- THE TASK -
Please repeat the listing below exactly, but do not include its pictures.

- PROVIDED DATA -

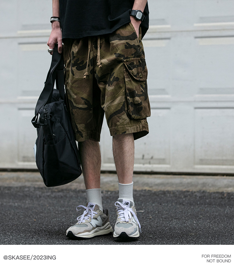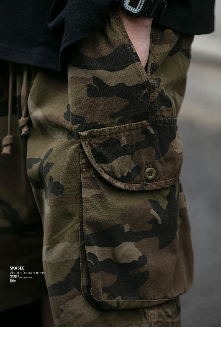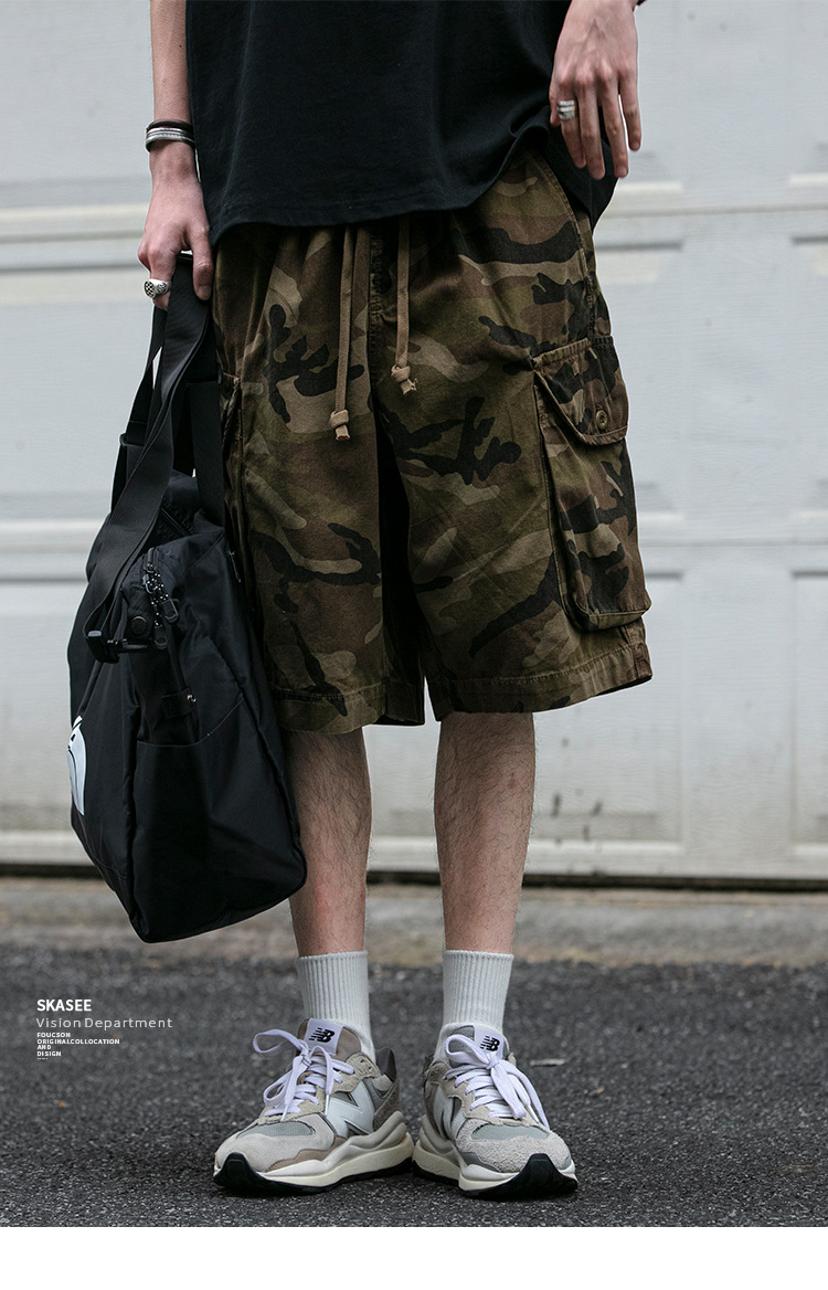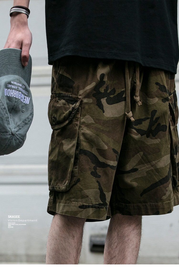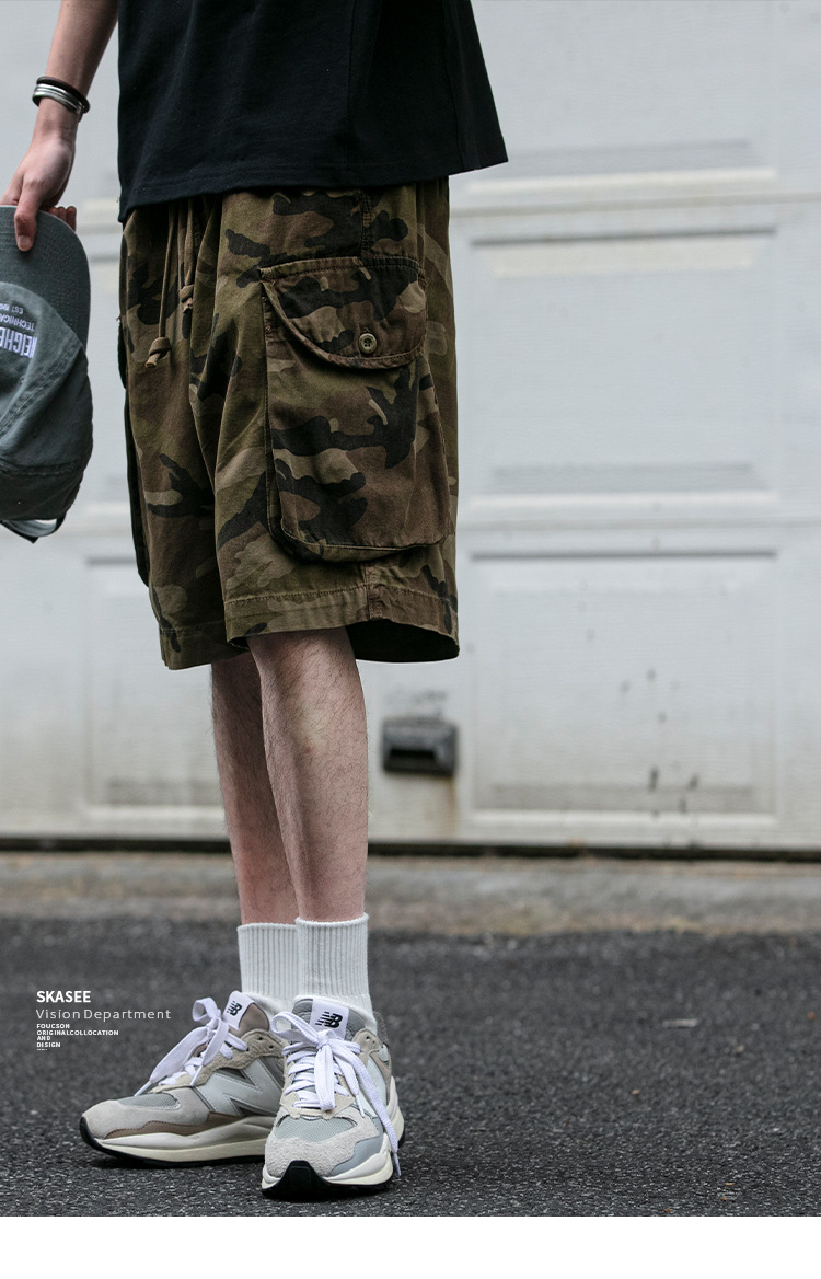 빈티지 오버홀 위장 반바지 남자 여름 미국 무거운 트렌디 느슨한 올 매치 바지 스트리트 커플 바지
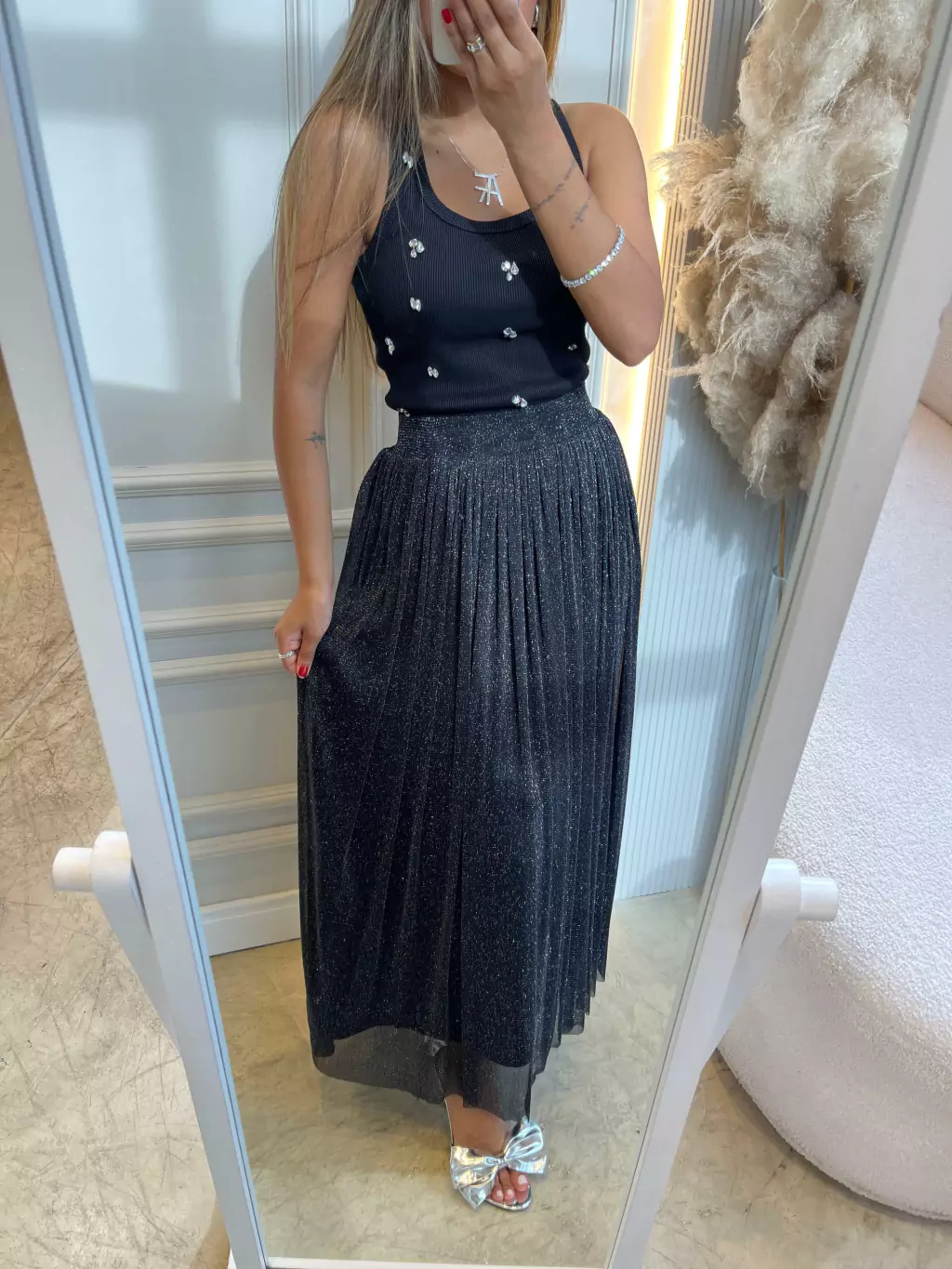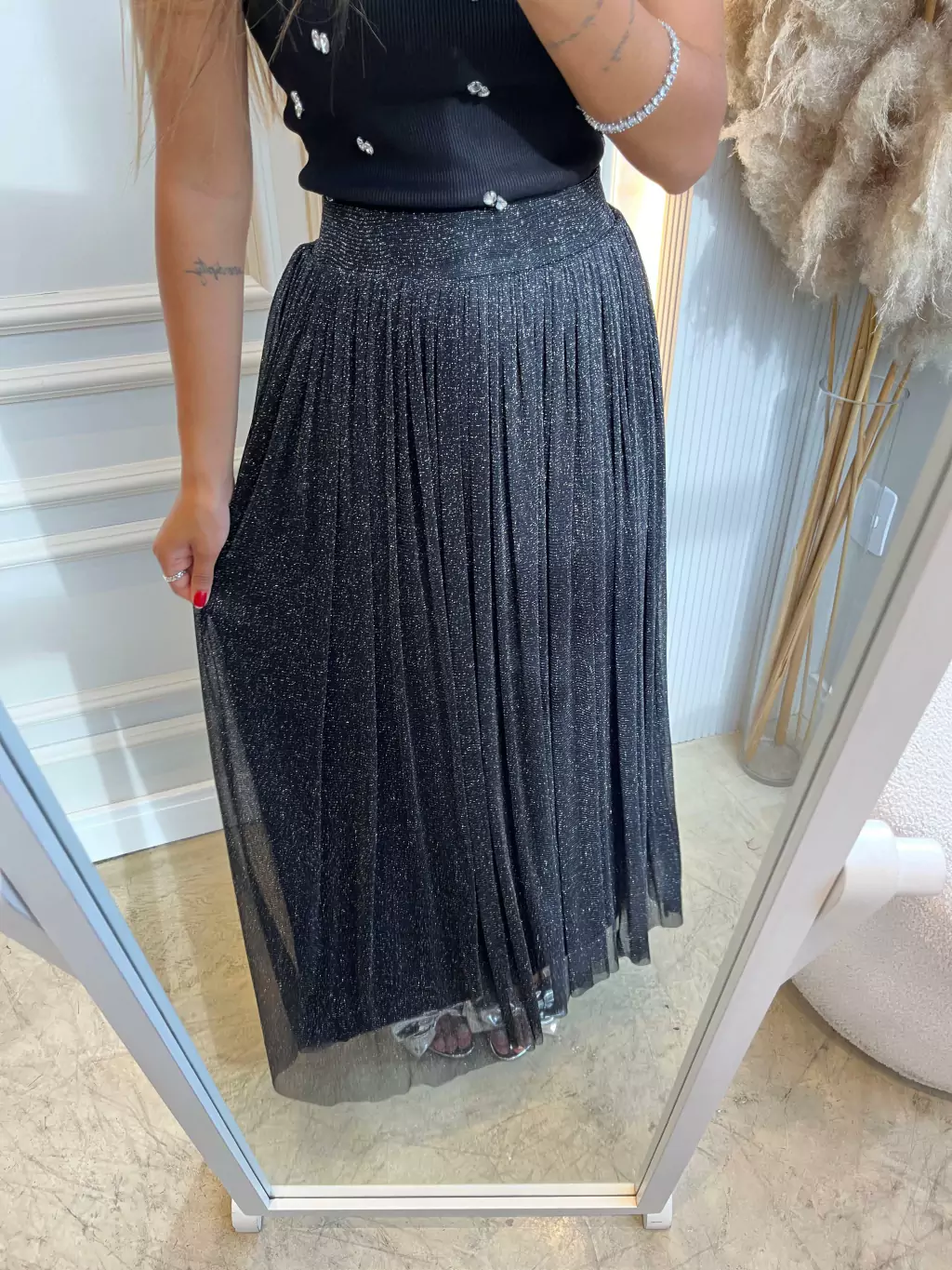 A Saia Michele, feita em tule com lurex e forro em viscolycra, tem modelagem solta e cintura marcada, combinando sofisticação e conforto para benefícios formais, com salto e um body preto. Para ficar por dentro de todas as novidades e lançamentos da Petit, é só seguir as nossas redes sociais @amopetitrose.
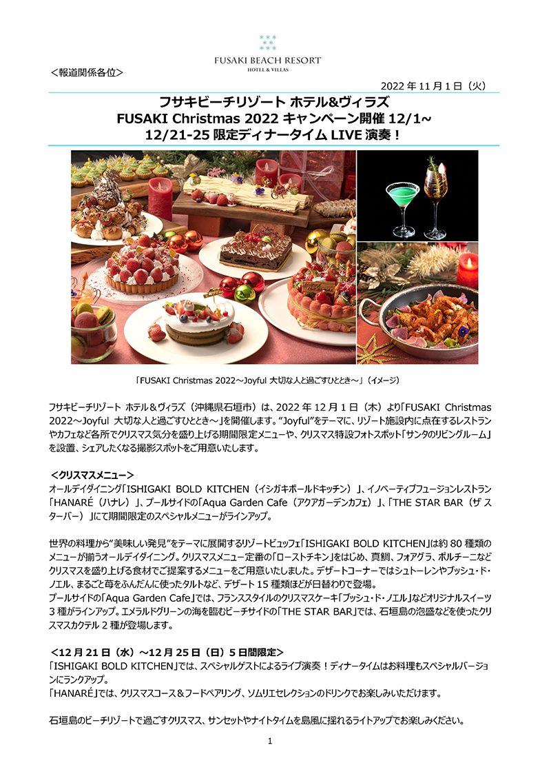 フサキビーチリゾート ホテル&ヴィラズ(沖縄県石垣市)は、2022年12月1日(木)より「FUSAKI Christmas 2022~Joyful 大切な人と過ごすひととき~」を開催します。”Joyful”をテーマに、リゾート施設内に点在するレストランやカフェなど各所でクリスマス気分を盛り上げる期間限定メニューや、クリスマス特設フォトスポット「サンタのリビングルーム」を設置、シェアしたくなる撮影スポットをご用意いたします。
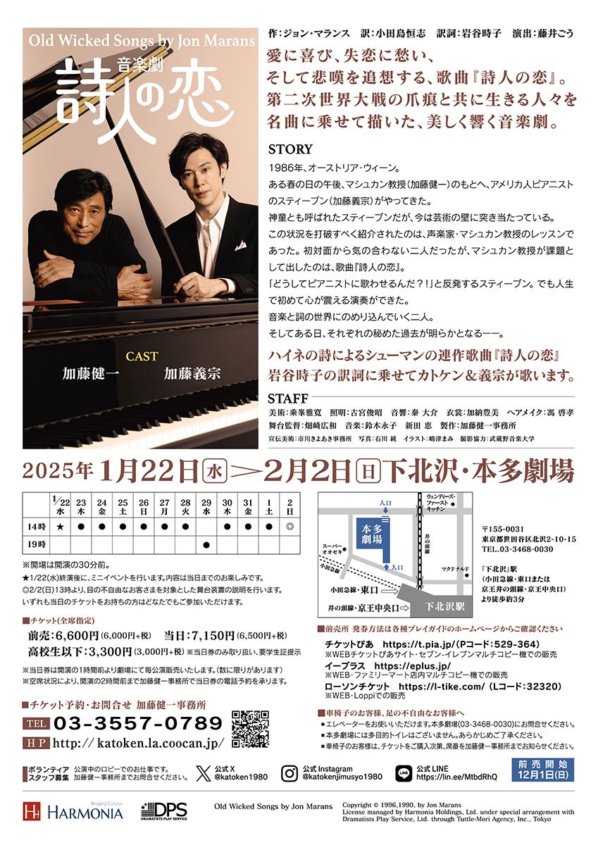 加藤健一事務所の人気作『詩人の恋』令和版を2025年1月に上演 画像(

- YOUR RESPONSE -
 빈티지 오버홀 위장 반바지 남자 여름 미국 무거운 트렌디 느슨한 올 매치 바지 스트리트 커플 바지
 A Saia Michele, feita em tule com lurex e forro em viscolycra, tem modelagem solta e cintura marcada, combinando sofisticação e conforto para benefícios formais, com salto e um body preto. Para ficar por dentro de todas as novidades e lançamentos da Petit, é só seguir as nossas redes sociais @amopetitrose.
 フサキビーチリゾート ホテル&ヴィラズ(沖縄県石垣市)は、2022年12月1日(木)より「FUSAKI Christmas 2022~Joyful 大切な人と過ごすひととき~」を開催します。”Joyful”をテーマに、リゾート施設内に点在するレストランやカフェなど各所でクリスマス気分を盛り上げる期間限定メニューや、クリスマス特設フォトスポット「サンタのリビングルーム」を設置、シェアしたくなる撮影スポットをご用意いたします。
 加藤健一事務所の人気作『詩人の恋』令和版を2025年1月に上演 画像(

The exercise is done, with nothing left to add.